Great write-up. And, thanks mitchellh for Ghostty, I switched to it last year, and have not regretted it.
However, I am a somewhat surprised that the fix is reserved for a feature release in a couple of months. I would have expected this to be included in a bug fix release.
The moment you started talking about pages, I was like: “Ok, obviously memory pooled” and yup, it is. Then I said “obviously ring buffered” and yeah, essentially your scroll back reuse. Then I knew exactly where the bug was before getting to that part, not freeing the pages memory properly and sure enough - bingo! With some great looking diagrams of memory space alignment.

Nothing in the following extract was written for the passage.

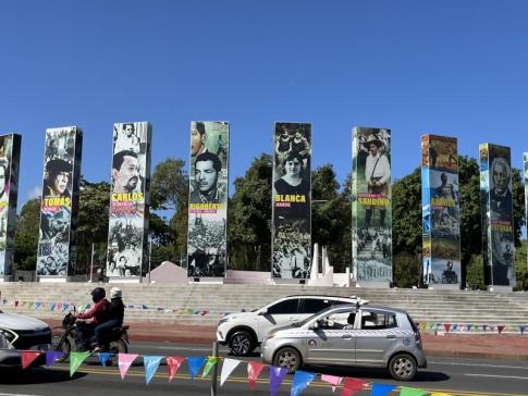 Ez az installáció Managua „Plaza de la Revolución” környékén található, és Nicaragua történelmének fontos alakjait ábrázolja, főként a sandinista narratívához igazodva. Sandino persze köztük van. - K. Kriszta fotója
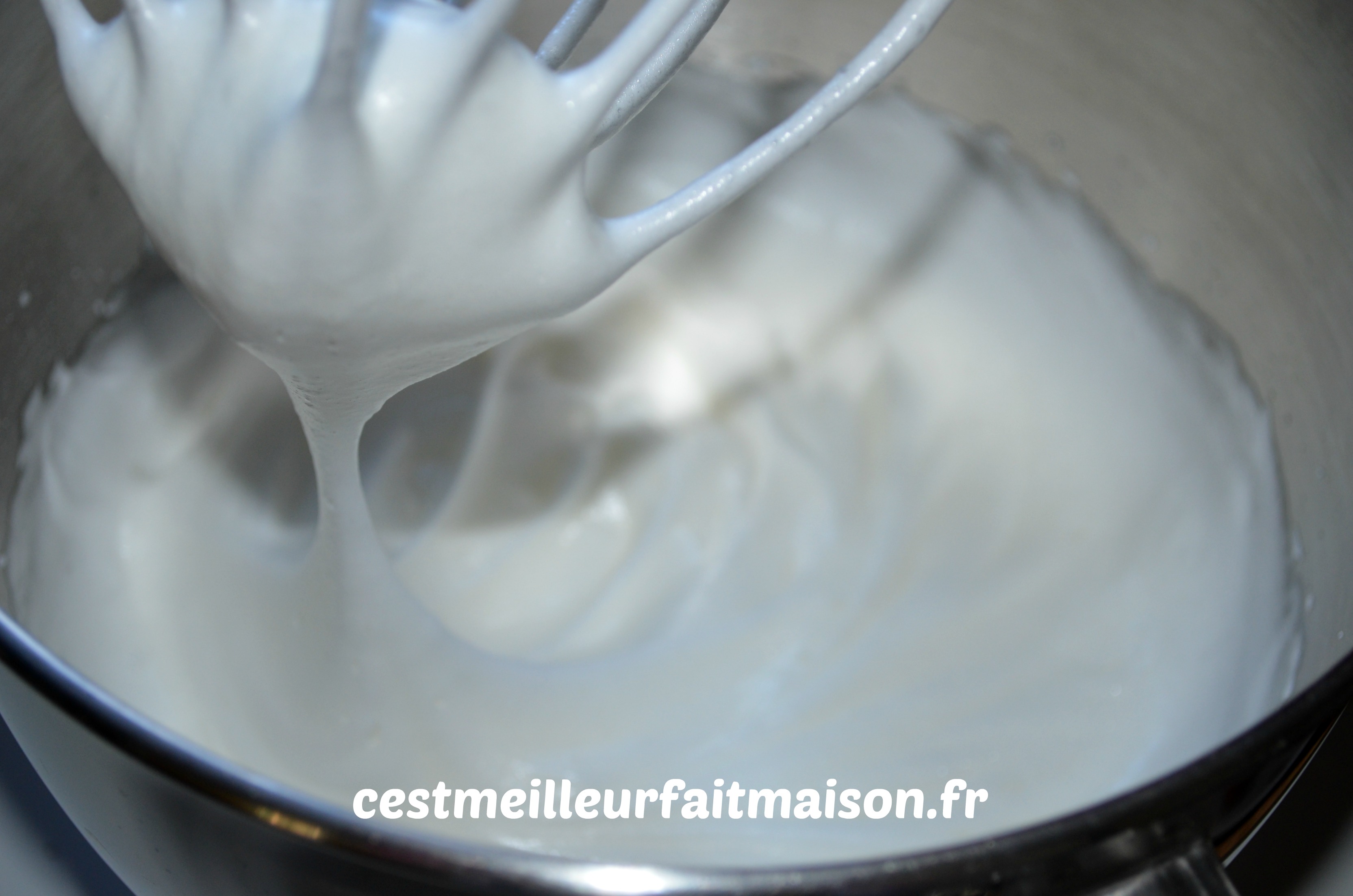 5- Monter les blancs en neige et ajouter 100 g de sucre en 3 fois.

Kudos, that was a good read. Just remember that every time you do something novel, there’s potential for leaks :D
This feels like a case of guessing at something you could know. There are two types of allocations that each have a size and free method. The free method is polymorphic over the allocations type. Instead of using a tag to know absolutely which type an object it is you guess based on some other factor, in this case a size invariant which was violated. It also doesn't seem like this invariant was ever codified otherwise the first time a large alloc was modified to a standard size it would've blown up. It's worth asking yourself if your distinguishing factor is the best you can use or perhaps there is a better test. Maybe in this case a tag would've been too expensive.
Funny timing, I moved to Ghostty this week and just today I ran into OOM crashes in Ghostty while developing a terminal UI app. Coincidentally this TUI has a tab bar that looks like this, where UTF8 icons are used for recognizability and activity indicators (using © and € as placeholders here):
1|Flakes © 2|Installed © 3|Store © € 4|Security © €
──────────────────────────────────────────────────────────────
This works fine normally, but resizing the terminal would quickly trigger the crash - easy to avoid but still annoying!I was already preparing myself to file a bug report with the easy repro, but this sounds suspiciously close to what the blog post is describing. Fingers crossed :)

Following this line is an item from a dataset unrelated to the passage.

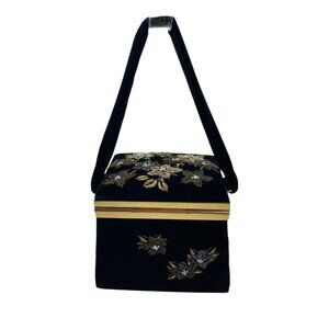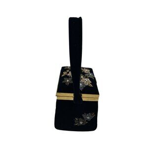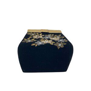 *Vintage Velvet Purse Floral Gold Beaded Square Snap Close Opera Cocktail Bag
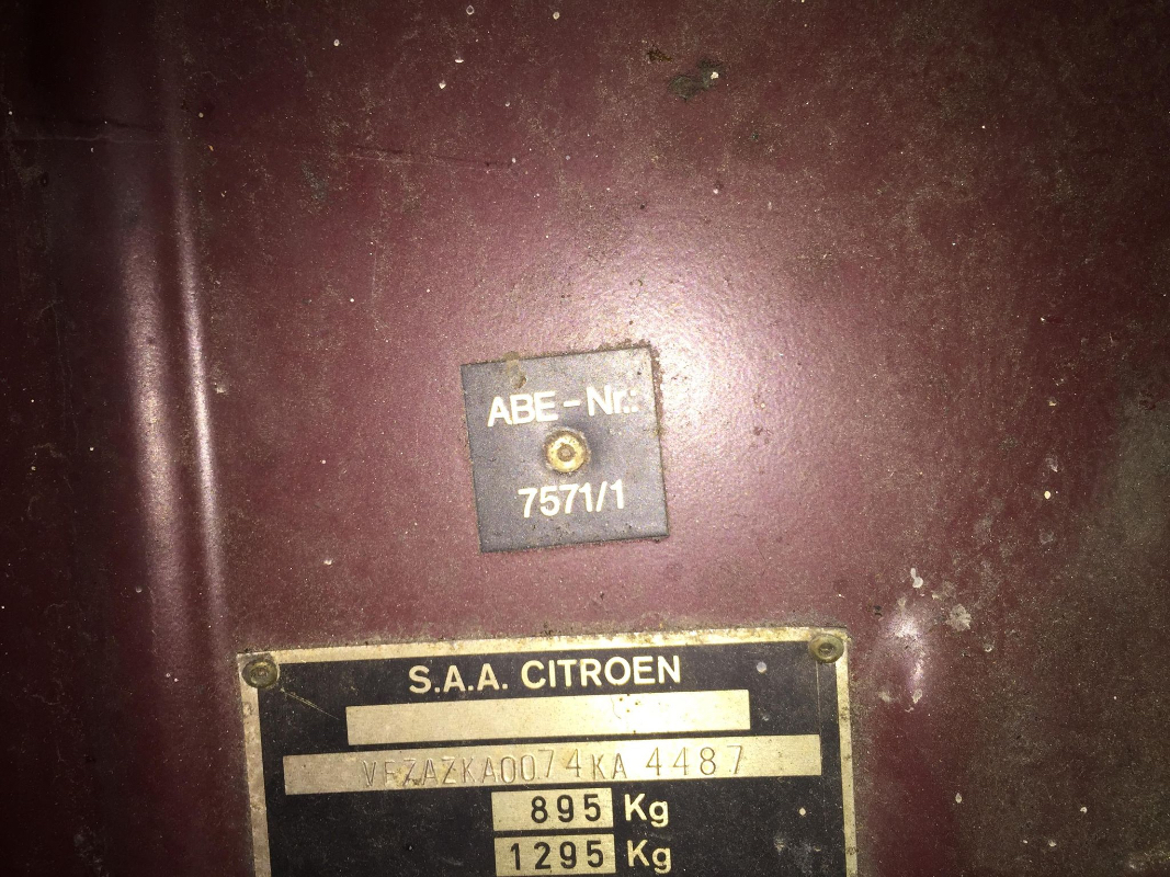 Il s'agit d'une Charleston de 1980 (modele 1981) importe de l'Allemagne. La peinture est impec, l'intérieur est super - toujours avec la banquette 'pied de coq' noir et blanc, etc... Mais sous le capot, y a un truc qui colle pas. Je n'ai jamais vu de plaque comme ca, a part des fausses. Pourquoi deux numéros a la filee? Et le code couleur n'y est pas - a la place ce ABE-Nr truc chose (surement nummer abbrevie de l'allemand).

(EDIT: HN filters unicode, booo :( )
@mitchellh what did you use for the memory visualizations? Looks nice, and the website plays well with mobile. Whats the stack?
I've been following the development of Ghostty for a while and while I have the feeling that there is a bit of over-engineering in this project, I find this kind of bug post mortem to be extremely valuable for anyone in love with the craft.
Super accessible write up as someone unfamiliar with Ghostty and terminal emulators in general. Thanks!
Reliable reproductions are so valuable.
claude code also has a weird thing in ghostty where it breaks copy-paste after exiting. `reset` fixes it but it's annoying
waiting for someone to say "this wouldn't have happen if you chose rust"
Why not just use a circular buffer for the scroll back? Why use blocks at all if you’re just going to recycle them anyway? That said, great write-up.
Edit: I'm getting a lot of down votes for this but nobody is saying why I'm wrong. If you think I'm wrong enough to down vote, please reply why.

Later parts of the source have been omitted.